== TASK ITEM ==
Return only the lines below starting at the line containing "L e corna dell'automobilista" and ending at the line containing "Illustration de David Revoy (CC-BY)", both included, exactly as they are and with no pictures.

== RECORDS PROVIDED ==
= = = = = = =

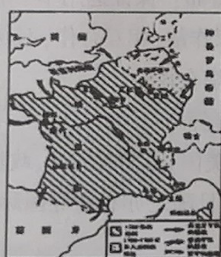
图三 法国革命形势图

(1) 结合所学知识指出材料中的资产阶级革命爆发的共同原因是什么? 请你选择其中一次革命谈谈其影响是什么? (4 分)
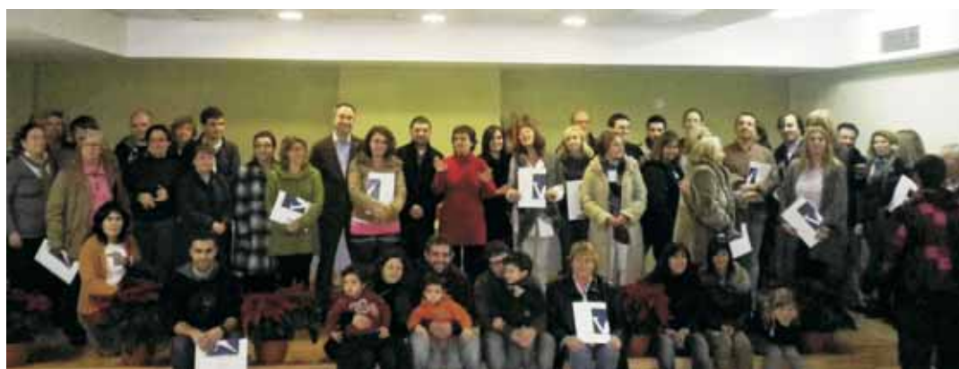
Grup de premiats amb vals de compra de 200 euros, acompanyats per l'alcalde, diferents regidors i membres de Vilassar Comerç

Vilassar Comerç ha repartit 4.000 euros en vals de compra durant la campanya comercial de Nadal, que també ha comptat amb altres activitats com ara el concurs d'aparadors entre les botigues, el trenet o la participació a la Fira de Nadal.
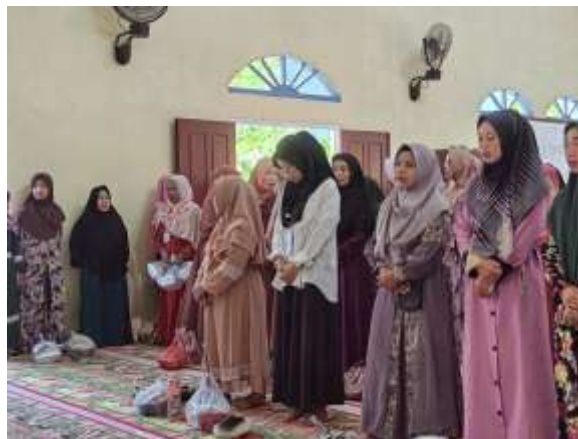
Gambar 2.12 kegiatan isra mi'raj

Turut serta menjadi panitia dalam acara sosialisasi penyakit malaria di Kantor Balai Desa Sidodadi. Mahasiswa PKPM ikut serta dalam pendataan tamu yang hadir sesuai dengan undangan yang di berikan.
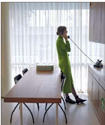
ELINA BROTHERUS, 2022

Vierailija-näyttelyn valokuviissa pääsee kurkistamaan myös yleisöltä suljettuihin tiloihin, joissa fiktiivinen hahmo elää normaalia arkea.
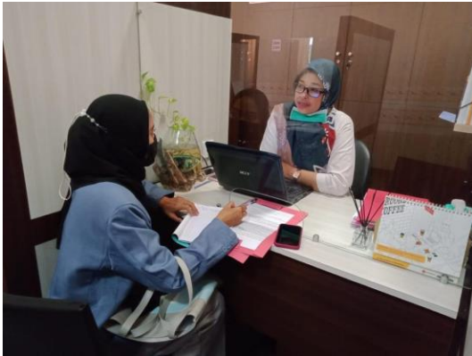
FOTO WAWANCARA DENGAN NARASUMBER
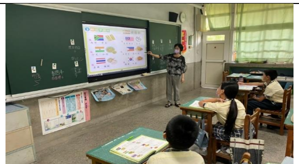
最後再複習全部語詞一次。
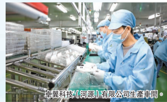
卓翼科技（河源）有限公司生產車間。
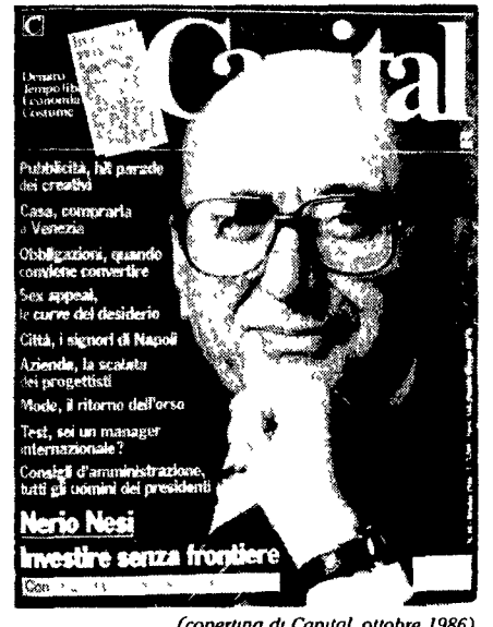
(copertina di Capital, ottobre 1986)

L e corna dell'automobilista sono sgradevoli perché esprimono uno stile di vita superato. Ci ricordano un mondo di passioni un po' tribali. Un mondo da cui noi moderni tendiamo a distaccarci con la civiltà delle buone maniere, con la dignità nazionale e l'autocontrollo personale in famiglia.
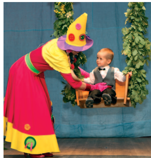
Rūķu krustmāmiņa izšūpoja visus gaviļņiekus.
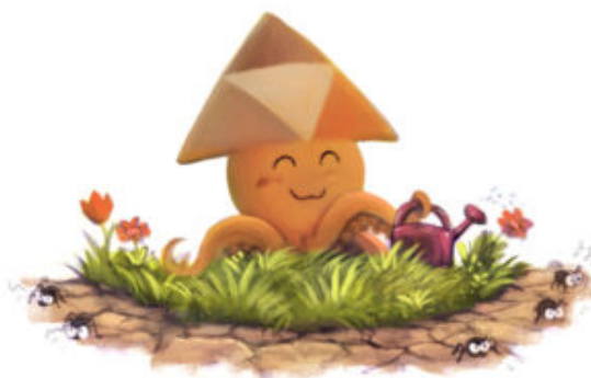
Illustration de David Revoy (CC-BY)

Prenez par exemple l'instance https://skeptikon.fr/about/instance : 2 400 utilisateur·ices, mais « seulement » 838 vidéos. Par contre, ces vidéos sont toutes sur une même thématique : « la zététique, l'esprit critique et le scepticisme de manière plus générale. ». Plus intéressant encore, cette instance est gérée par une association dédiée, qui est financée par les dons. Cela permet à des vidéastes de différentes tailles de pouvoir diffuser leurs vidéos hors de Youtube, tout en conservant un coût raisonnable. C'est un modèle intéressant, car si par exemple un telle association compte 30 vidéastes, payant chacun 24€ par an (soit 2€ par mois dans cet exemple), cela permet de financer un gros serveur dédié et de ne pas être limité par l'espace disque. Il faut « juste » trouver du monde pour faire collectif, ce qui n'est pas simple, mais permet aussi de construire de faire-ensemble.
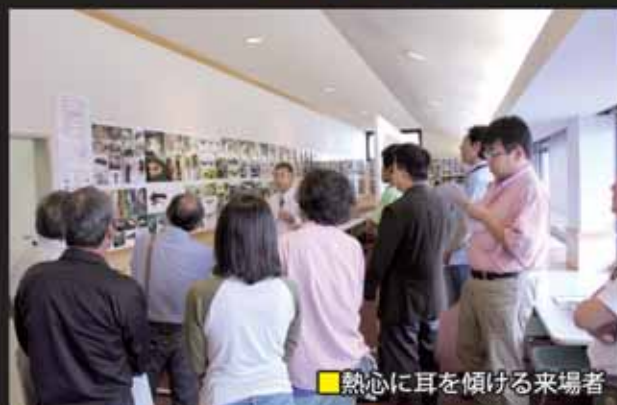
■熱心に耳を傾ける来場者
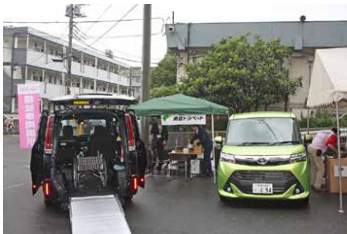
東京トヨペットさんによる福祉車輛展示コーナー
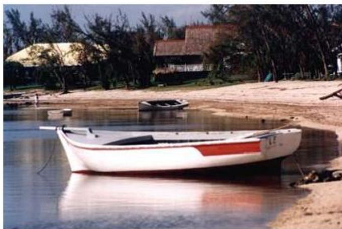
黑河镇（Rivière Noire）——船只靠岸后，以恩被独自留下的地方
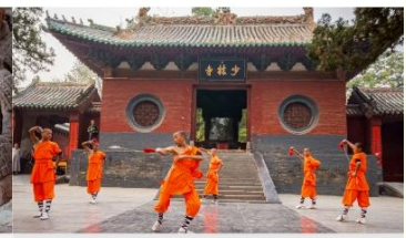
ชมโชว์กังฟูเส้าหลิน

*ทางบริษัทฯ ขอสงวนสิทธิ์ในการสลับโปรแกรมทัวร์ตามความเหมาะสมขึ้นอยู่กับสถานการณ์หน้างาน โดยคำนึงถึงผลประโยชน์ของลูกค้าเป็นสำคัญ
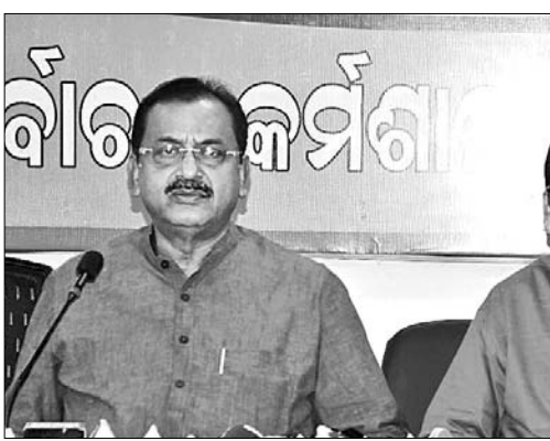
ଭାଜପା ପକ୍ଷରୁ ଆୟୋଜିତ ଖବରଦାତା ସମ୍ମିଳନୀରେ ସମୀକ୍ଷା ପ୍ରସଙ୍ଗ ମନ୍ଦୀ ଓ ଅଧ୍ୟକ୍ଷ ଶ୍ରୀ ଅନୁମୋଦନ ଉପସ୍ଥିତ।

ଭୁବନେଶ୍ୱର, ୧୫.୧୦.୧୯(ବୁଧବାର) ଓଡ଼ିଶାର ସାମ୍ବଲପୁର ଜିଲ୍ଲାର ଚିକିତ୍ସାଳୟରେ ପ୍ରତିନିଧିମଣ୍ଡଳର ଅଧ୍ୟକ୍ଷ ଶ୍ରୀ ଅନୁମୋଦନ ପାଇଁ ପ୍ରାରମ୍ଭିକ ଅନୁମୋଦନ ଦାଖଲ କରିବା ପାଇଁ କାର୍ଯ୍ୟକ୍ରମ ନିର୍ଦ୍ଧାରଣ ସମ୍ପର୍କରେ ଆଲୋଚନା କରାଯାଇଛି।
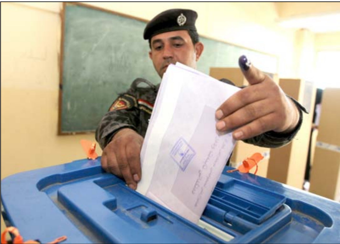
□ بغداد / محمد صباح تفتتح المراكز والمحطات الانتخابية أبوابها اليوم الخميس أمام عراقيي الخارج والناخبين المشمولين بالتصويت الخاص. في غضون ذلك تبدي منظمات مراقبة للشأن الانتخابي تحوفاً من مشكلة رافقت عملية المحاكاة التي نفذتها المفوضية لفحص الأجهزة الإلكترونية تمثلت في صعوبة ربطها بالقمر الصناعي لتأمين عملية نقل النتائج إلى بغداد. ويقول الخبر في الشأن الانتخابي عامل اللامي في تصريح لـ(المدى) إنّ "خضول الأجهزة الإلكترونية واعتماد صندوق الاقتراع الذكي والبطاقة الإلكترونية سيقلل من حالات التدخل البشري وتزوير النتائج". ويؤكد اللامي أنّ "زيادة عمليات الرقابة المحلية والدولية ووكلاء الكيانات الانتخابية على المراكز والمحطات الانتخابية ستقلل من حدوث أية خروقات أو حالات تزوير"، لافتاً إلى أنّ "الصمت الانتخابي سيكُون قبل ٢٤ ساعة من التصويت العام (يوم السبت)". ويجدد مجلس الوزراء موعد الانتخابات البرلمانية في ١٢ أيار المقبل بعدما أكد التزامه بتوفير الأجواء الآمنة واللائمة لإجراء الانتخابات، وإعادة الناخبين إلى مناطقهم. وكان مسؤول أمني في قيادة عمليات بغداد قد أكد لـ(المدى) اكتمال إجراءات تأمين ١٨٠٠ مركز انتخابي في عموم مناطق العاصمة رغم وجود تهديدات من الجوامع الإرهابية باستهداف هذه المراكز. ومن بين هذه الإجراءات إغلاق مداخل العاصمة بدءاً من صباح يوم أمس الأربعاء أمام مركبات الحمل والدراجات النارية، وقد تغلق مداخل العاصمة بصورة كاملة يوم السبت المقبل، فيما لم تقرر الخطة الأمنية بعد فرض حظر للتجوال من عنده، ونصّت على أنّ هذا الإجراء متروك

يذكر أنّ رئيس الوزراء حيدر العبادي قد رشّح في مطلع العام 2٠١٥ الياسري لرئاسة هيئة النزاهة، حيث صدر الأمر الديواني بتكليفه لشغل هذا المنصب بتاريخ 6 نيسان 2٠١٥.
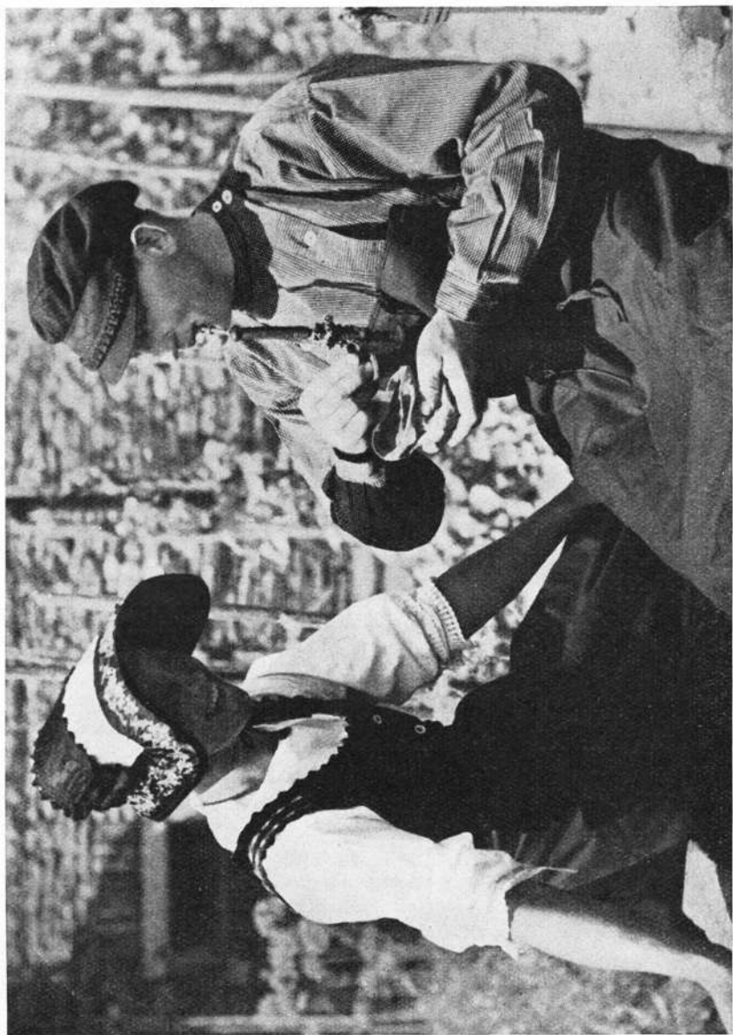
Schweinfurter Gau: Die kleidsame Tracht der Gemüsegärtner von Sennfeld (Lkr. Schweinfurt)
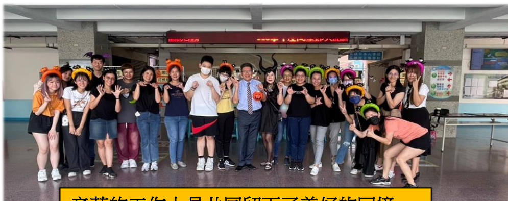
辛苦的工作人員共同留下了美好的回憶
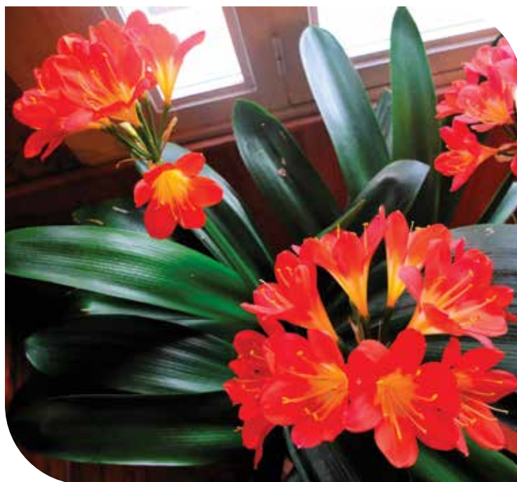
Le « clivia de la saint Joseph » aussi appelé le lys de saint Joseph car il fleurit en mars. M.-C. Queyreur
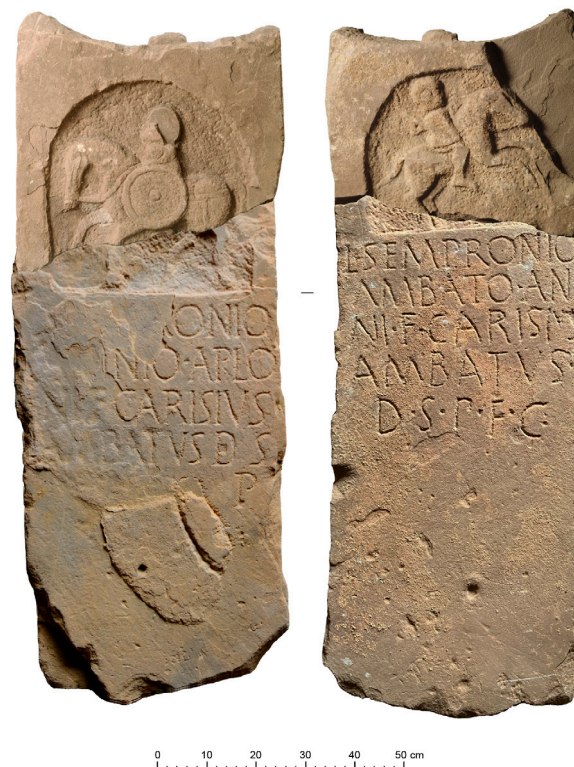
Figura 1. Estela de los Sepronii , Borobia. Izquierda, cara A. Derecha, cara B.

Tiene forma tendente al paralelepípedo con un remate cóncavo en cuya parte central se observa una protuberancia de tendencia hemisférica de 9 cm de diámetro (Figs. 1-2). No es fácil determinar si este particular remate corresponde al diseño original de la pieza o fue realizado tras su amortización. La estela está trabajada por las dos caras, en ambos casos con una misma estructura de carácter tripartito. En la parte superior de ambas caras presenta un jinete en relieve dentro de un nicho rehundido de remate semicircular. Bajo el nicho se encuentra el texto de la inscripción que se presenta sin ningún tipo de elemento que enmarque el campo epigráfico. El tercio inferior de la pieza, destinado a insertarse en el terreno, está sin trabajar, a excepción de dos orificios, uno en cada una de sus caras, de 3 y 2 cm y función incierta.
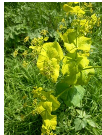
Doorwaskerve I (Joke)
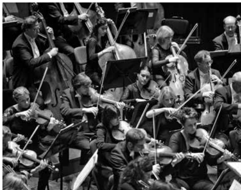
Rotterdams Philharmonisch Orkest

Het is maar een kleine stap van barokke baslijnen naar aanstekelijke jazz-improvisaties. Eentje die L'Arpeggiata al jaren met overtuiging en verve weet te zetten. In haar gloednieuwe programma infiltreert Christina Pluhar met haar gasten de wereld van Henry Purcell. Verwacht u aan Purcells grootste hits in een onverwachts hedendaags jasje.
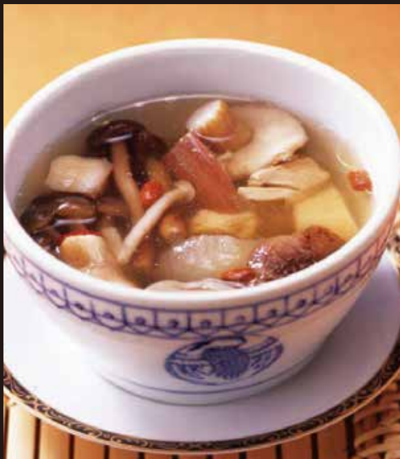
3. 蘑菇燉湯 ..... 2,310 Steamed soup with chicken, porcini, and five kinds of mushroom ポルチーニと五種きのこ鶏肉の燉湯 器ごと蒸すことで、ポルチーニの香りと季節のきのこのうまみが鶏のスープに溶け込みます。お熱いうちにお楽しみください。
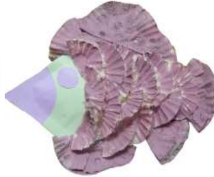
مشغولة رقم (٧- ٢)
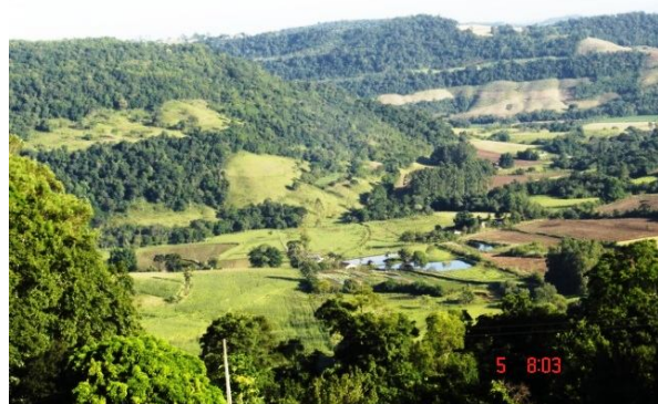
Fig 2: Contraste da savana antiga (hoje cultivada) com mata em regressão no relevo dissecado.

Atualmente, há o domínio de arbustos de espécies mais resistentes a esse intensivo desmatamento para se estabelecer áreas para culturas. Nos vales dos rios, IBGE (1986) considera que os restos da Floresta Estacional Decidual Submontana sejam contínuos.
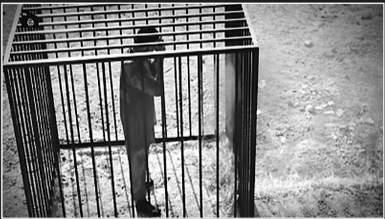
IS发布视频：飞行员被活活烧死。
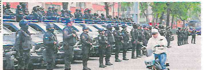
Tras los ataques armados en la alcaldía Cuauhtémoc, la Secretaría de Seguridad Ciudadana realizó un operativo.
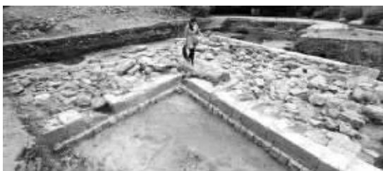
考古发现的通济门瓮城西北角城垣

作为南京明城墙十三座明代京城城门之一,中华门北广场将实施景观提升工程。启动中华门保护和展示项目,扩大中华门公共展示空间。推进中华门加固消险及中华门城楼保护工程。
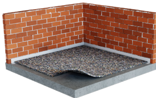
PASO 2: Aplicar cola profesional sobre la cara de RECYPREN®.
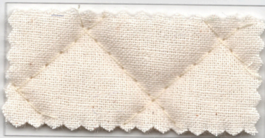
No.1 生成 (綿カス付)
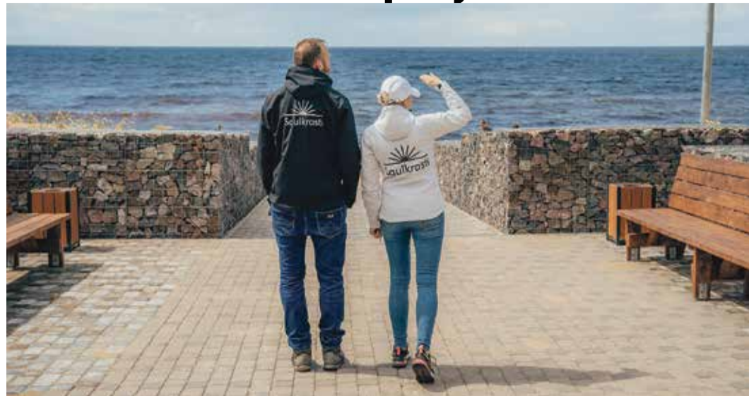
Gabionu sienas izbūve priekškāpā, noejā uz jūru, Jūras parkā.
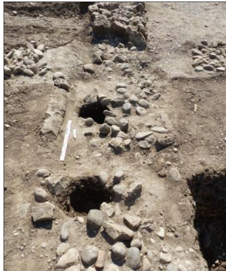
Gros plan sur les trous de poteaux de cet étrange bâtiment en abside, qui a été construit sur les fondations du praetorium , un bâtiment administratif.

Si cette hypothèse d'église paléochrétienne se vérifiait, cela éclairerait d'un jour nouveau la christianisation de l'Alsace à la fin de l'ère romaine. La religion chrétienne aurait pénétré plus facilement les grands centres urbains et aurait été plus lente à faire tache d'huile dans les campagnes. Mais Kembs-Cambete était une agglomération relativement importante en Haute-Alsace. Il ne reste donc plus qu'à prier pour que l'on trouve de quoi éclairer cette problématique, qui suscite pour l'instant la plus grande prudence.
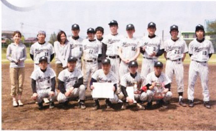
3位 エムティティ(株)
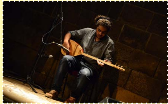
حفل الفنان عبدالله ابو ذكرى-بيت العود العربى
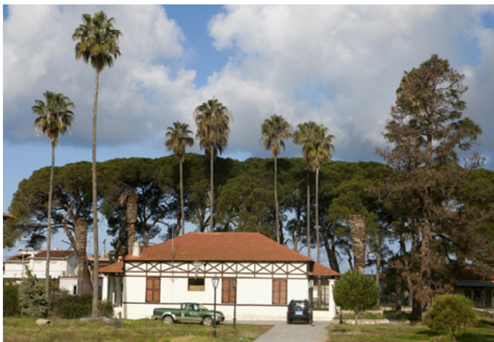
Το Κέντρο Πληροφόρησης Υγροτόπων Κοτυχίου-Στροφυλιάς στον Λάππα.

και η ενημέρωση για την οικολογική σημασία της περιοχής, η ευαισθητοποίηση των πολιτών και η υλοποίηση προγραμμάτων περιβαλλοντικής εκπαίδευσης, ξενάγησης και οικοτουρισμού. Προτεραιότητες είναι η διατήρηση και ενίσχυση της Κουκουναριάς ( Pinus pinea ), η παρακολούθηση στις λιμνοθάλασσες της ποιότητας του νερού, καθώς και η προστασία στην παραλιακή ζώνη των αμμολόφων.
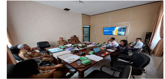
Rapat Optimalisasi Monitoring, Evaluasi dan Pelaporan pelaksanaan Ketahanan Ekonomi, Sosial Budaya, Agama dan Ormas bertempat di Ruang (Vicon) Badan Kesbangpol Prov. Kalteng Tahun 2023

= = = = = = =

== RESULT FOR THIS EXERCISE ==
L e corna dell'automobilista sono sgradevoli perché esprimono uno stile di vita superato. Ci ricordano un mondo di passioni un po' tribali. Un mondo da cui noi moderni tendiamo a distaccarci con la civiltà delle buone maniere, con la dignità nazionale e l'autocontrollo personale in famiglia.
Rūķu krustmāmiņa izšūpoja visus gaviļņiekus.
Illustration de David Revoy (CC-BY)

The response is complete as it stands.